[[ SUPPLIED ENTRIES open ]]
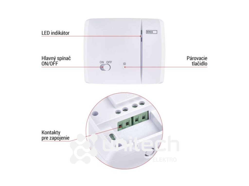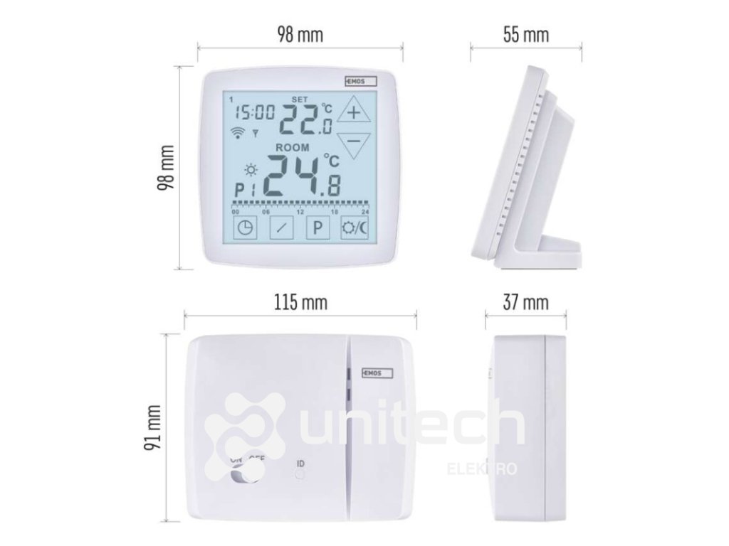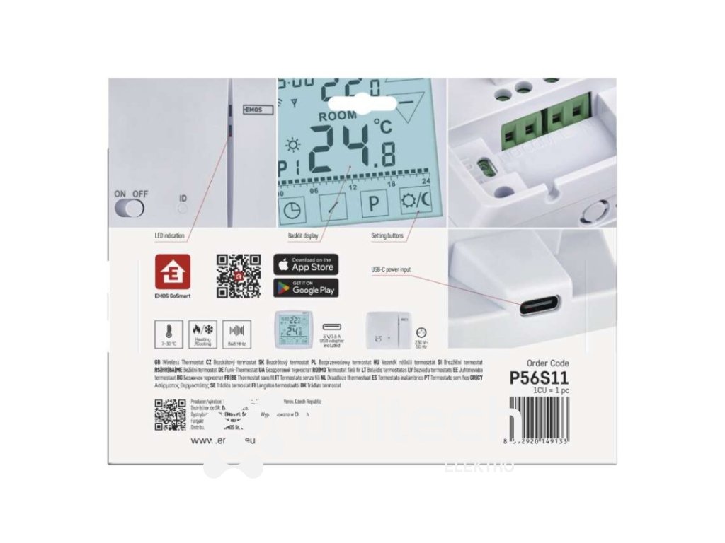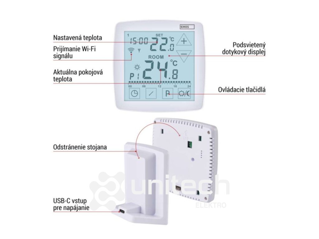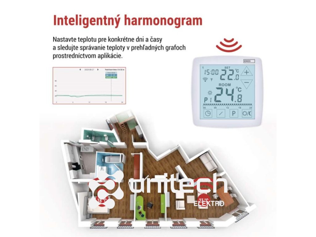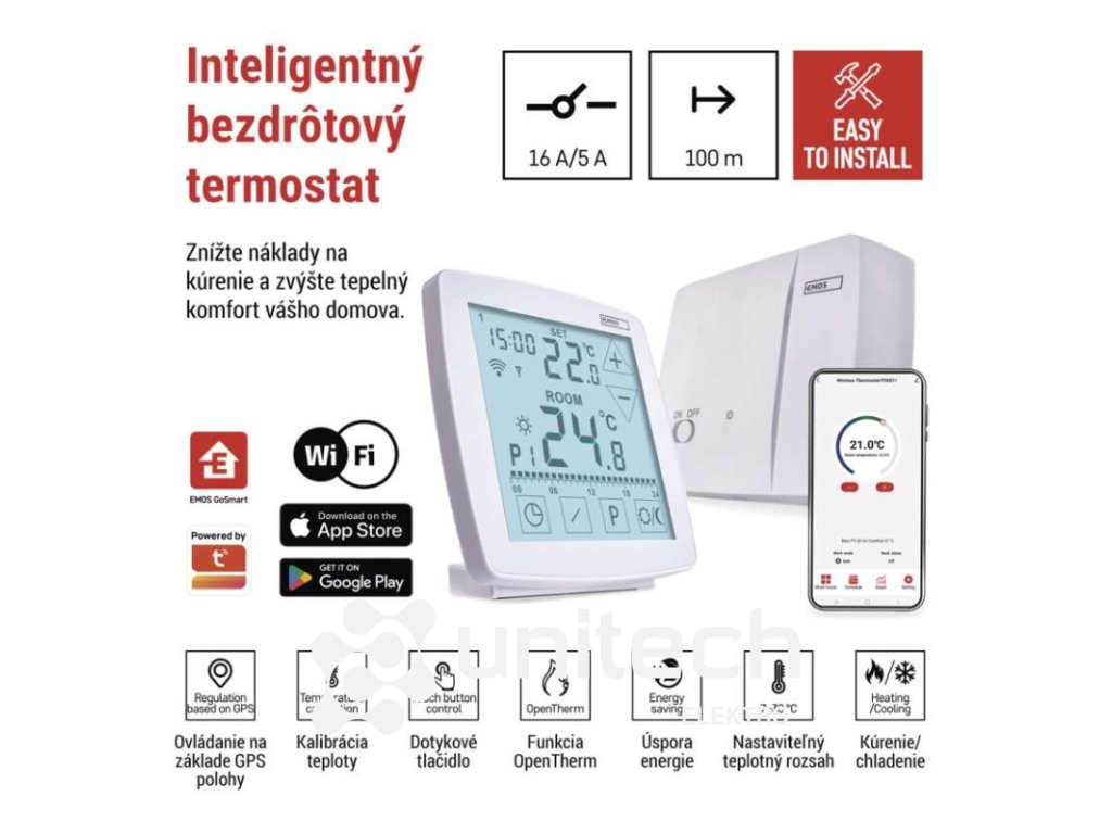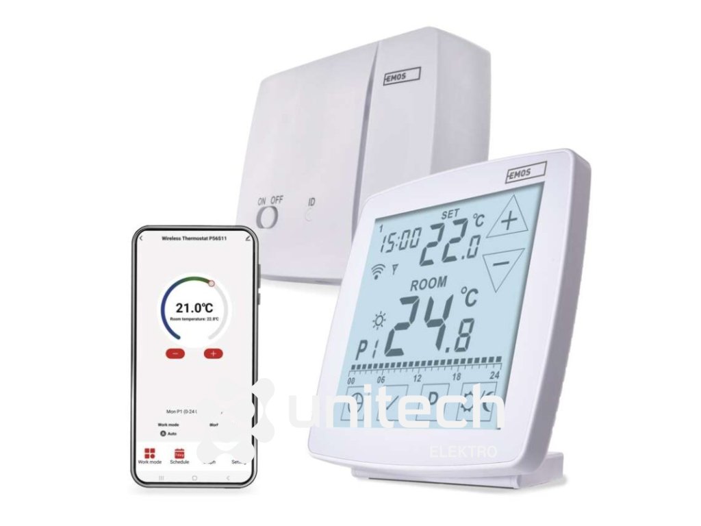 dĺžka kapilárneho čidla: –|dosah vo voľnom priestore: 100 m|druh regulácie: vykurovací a chladiaci systém|farba: biela|funkcia ON/OFF: áno|funkcia prázdniny: áno|funkcia Set-back: nie|jazyky aplikácie: EN, CZ, SK, PL, DE, HU, SI, FR, + 60 ďalších jazykov|kalibrácia teploty: áno|kompatibilita: EMOS GoSmart, TUYA, LIDL, Smartlife, otvorený systém|meranie teploty: 0 °C až 40 °C, rozlíšenie 0,1 °C|možnosť prepojenia s ďalšími detektormi: nie|napájanie: –|napájanie brány: –|napájanie prijímača: 230 V AC|napájanie vysielača: 5 V USB adaptér (súčasťou balenia)|nastavenie teploty: 7 ° C až 30 ° C, po 0,2 ° C|nastaviteľný rozptyl teploty: #|notifikácie do mobilnej aplikácie: áno|ochrana proti zamrznutiu: áno|ovládanie hlasovými asistentmi: áno (Amazon Alexa, Google Assistant)|počet programov: 6 + 3 užívateľsky nastaviteľné|podlahový senzor: –|podporované OS: Android, iOS|podsvietený displej: áno|pracovná frekvencia: 868 MHz|predajný obal: 1 ks, krabička|prenosová frekvencia: 2,4 GHz WIFI (IEEE802.11b/g/n)|protokol: Wi-Fi|rozmer: –|rozmer brány: –|rozmer prijímača: 115 × 37 × 91 mm|rozmer vysielača: 98 × 55 × 98 mm|spínaná záťaž: 16 A odporovo, 5 A induktívne|spínanie: 230 V AC alebo beznapäťové|súčasť balenia: –|typ nastavenia teploty: komfortná a úsporná teplota|typ ovládania: programovateľný elektronický izbový termostat, možnosť ovládania cez mobil (iOS, Android)|typ termostatu: bezdrôtový s OpenTherm komunikáciouDodatočné parametre
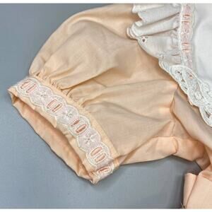 This sweet little dress is adorable in EXCELLENT MINT condition, like new. The material is still crisp, not sure if it has ever been worn or washed. Any dark areas in photos is just shadows.
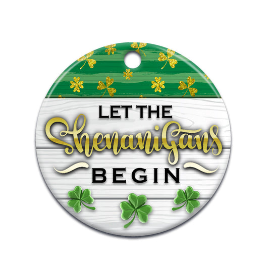 St Patricks Day Glitter Clover Let The Shenanigans Begin Ceramic Circle Ornament - Decorative Ornament - Christmas Ornament
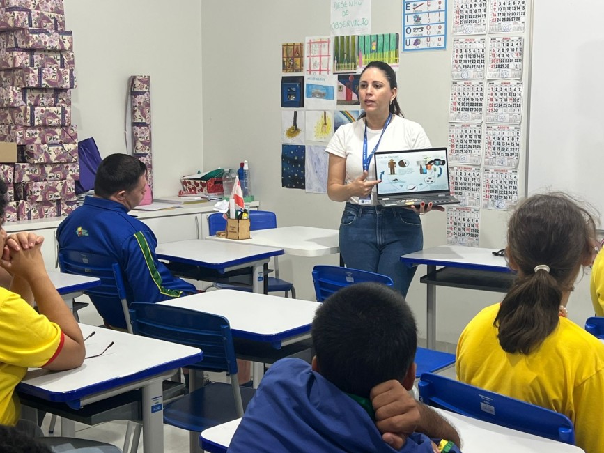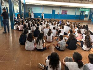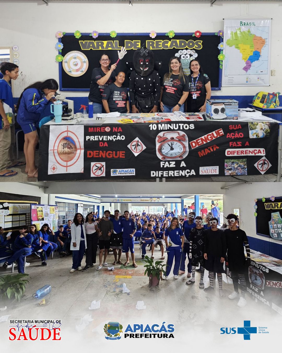 A Escola Pestalozzi e a Escola Municipal Guarujá receberam, nesta segunda-feira (1º), uma palestra educativa sobre prevenção à dengue, realizada pela enfermeira Fernanda, da ESF Guarujá. A ação integrou as atividades do projeto Recicla Verdinho, que incentiva cuidados com o meio ambiente, alimentação saudável e educação financeira e social.
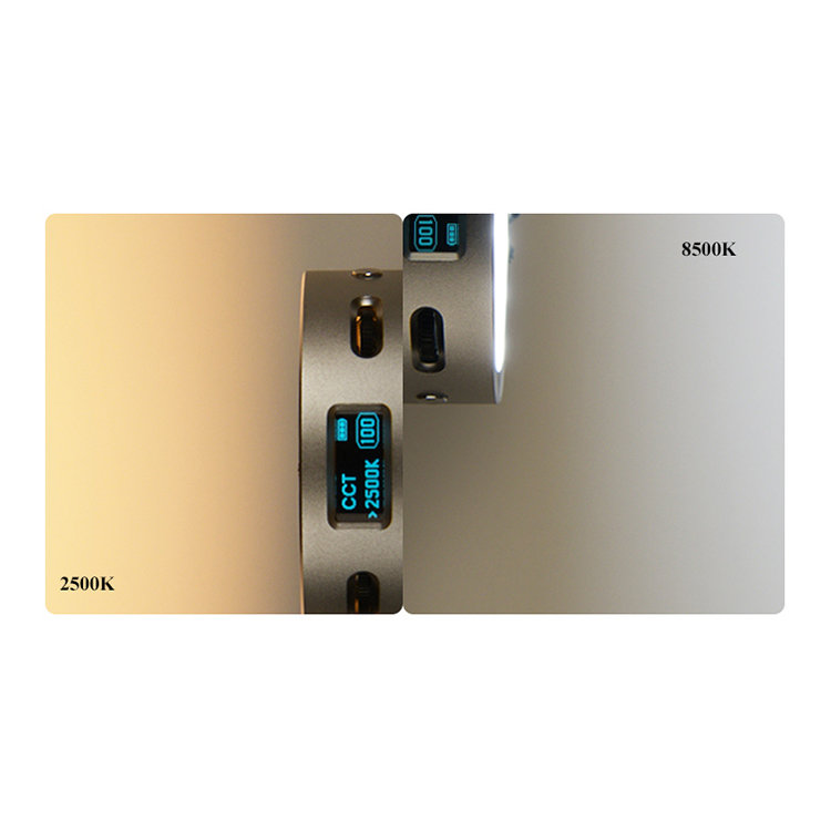 Цветовая температура 2500-8500ККруглый, компактный осветитель, который с легкостью разместится на ладони. Предусмотрена четкая регулировка цветовой температуры от 2500К до 8500К. Яркость регулируется от 0 до 100% |
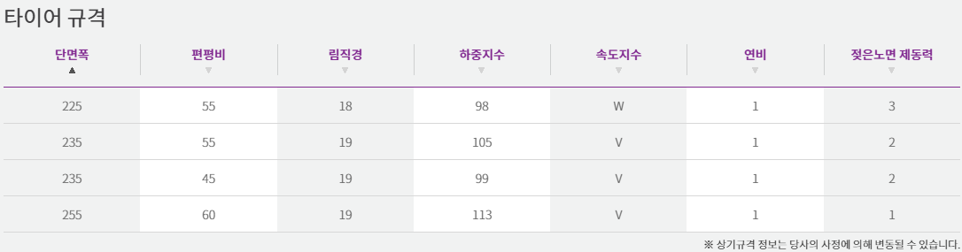 - 저소음 특화 설계: 패턴 블록 간 배열 최적화와 A.I. 빅데이터를 활용한 Multi-Sequence 설계를 적용하여 주행 시 소음을 저감 시킵니다.
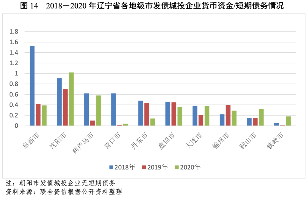 從遼寧省各地級市發債城投企業貨幣資金對短期債務的覆蓋情況來看,2018-2020年,除沈陽市、大連市、鞍山市和鐵嶺市外,各地級市發債城投企業貨幣資金對短期債務的覆蓋程度均呈不同程度的下降,反映出內遼寧省各地級市發債城投企業整體流動性逐步趨緊。具體看,2020年底,除沈陽市和葫蘆島市外,其他地市發債城投企業的貨幣資金/短期債務倍數均在0.50倍以下,短期償債能力相對較弱。
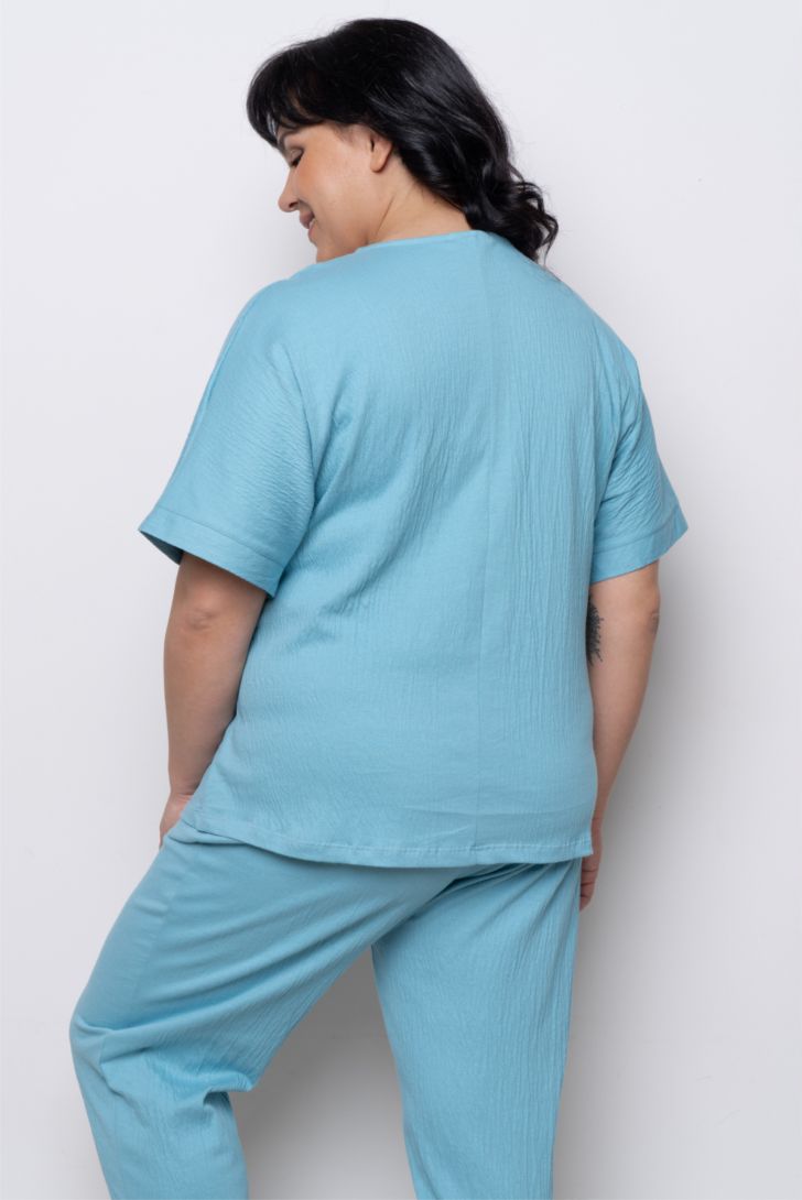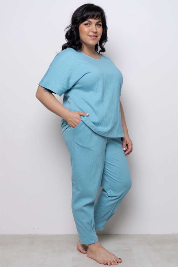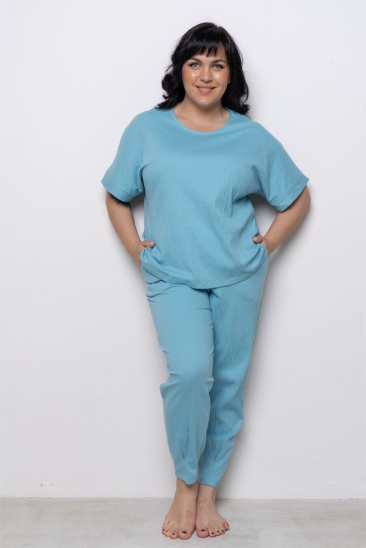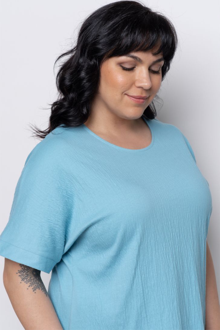 Футболка свободного прилегания с коротким рукавом. Вырез горловины круглый. Футболка представлена в трех цветовых решениях, дополнит образ к однотонным брюкам данной коллекции , а так же к любым поясным изделиям из личного гардероба.
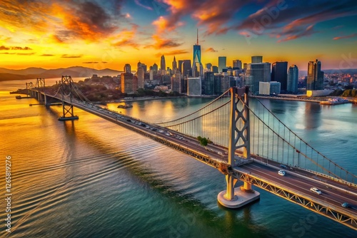 © Man888, Fototapeta premium Golden Gate Bridge & San Francisco Skyline Aerial Backlit Drone Shot 8K
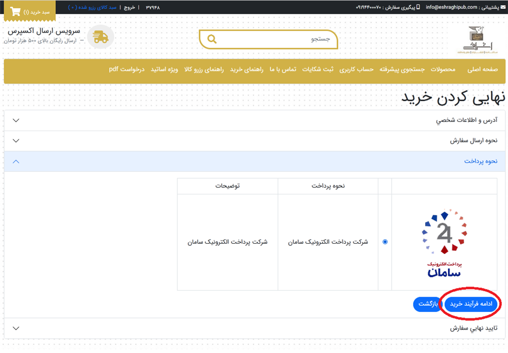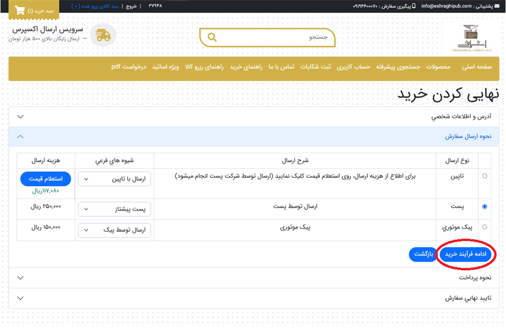 در صورتي كه ارسال توسط پيك يا تاپين را انتخاب نماييد نحوه پرداخت به دو صورت نقدي در محل يا پرداخت الكترونيكي نمايش داده مي شود. ارسال توسط پست نحوه پرداخت آن به صورت پرداخت الكترونيكي مي باشد. گزينه ادامه فرآيند خريد را انتخاب نماييد.
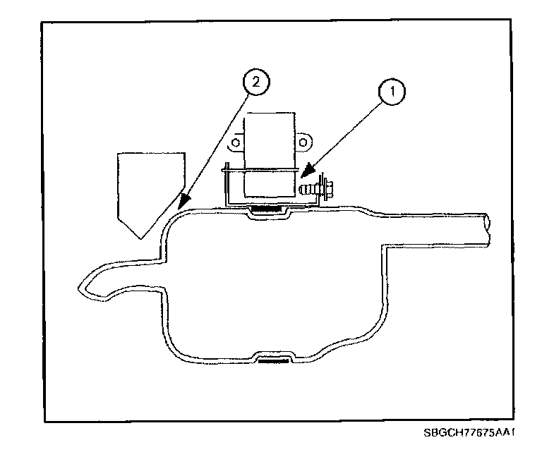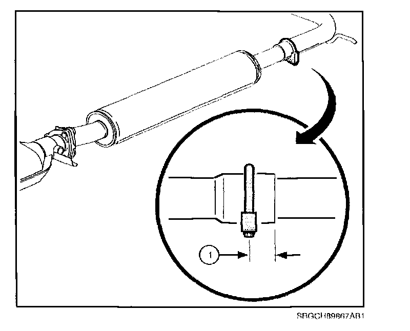 ^ Muffler hanger block should not contact hanger screw (1). If necessary, loosen muffler mounting strap, shift muffler mounting strap forward to eliminate contact, and retighten.
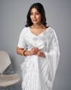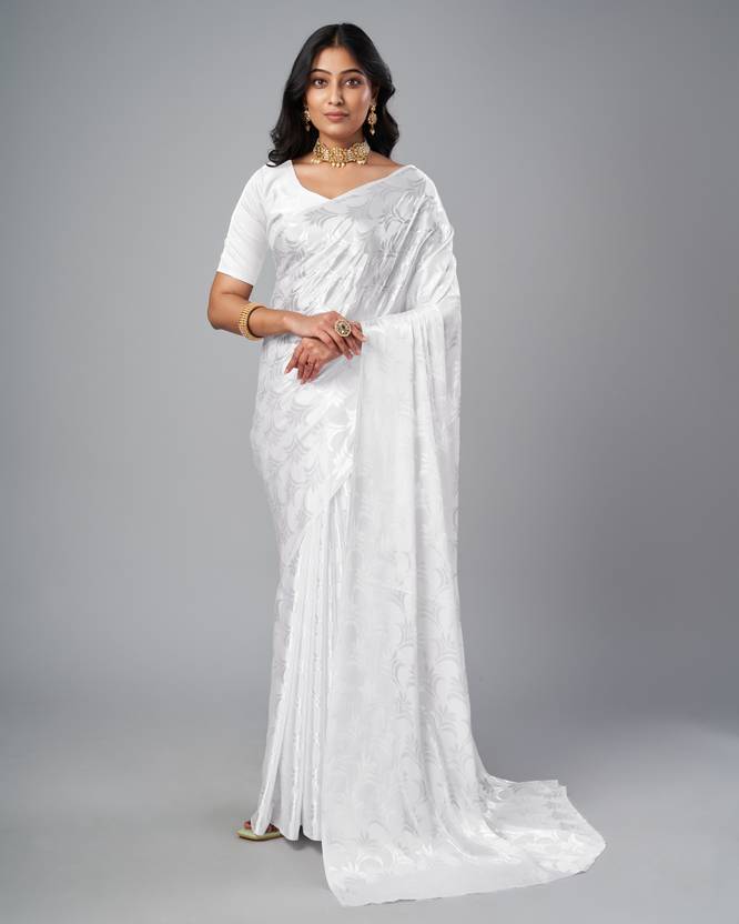 Serene, elegant, sophisticated, and a reflection of a pure form of beauty, is the vibe you exude when you dress in a white floral jacquard saree. The beautiful saree comes along with a unstitched elegant white plain separate blouse piece.
[[ SUPPLIED ENTRIES closed ]]
• [PROBLEM DESCRIPTION]:
Reproduce word for word the lines from the one containing "Drone Shot 8K" through the end of the data, both ends kept. Drop the pictures.

• [SOLUTION TO THIS EXERCISE]:
 © Man888, Fototapeta premium Golden Gate Bridge & San Francisco Skyline Aerial Backlit Drone Shot 8K
 در صورتي كه ارسال توسط پيك يا تاپين را انتخاب نماييد نحوه پرداخت به دو صورت نقدي در محل يا پرداخت الكترونيكي نمايش داده مي شود. ارسال توسط پست نحوه پرداخت آن به صورت پرداخت الكترونيكي مي باشد. گزينه ادامه فرآيند خريد را انتخاب نماييد.
 ^ Muffler hanger block should not contact hanger screw (1). If necessary, loosen muffler mounting strap, shift muffler mounting strap forward to eliminate contact, and retighten.
 Serene, elegant, sophisticated, and a reflection of a pure form of beauty, is the vibe you exude when you dress in a white floral jacquard saree. The beautiful saree comes along with a unstitched elegant white plain separate blouse piece.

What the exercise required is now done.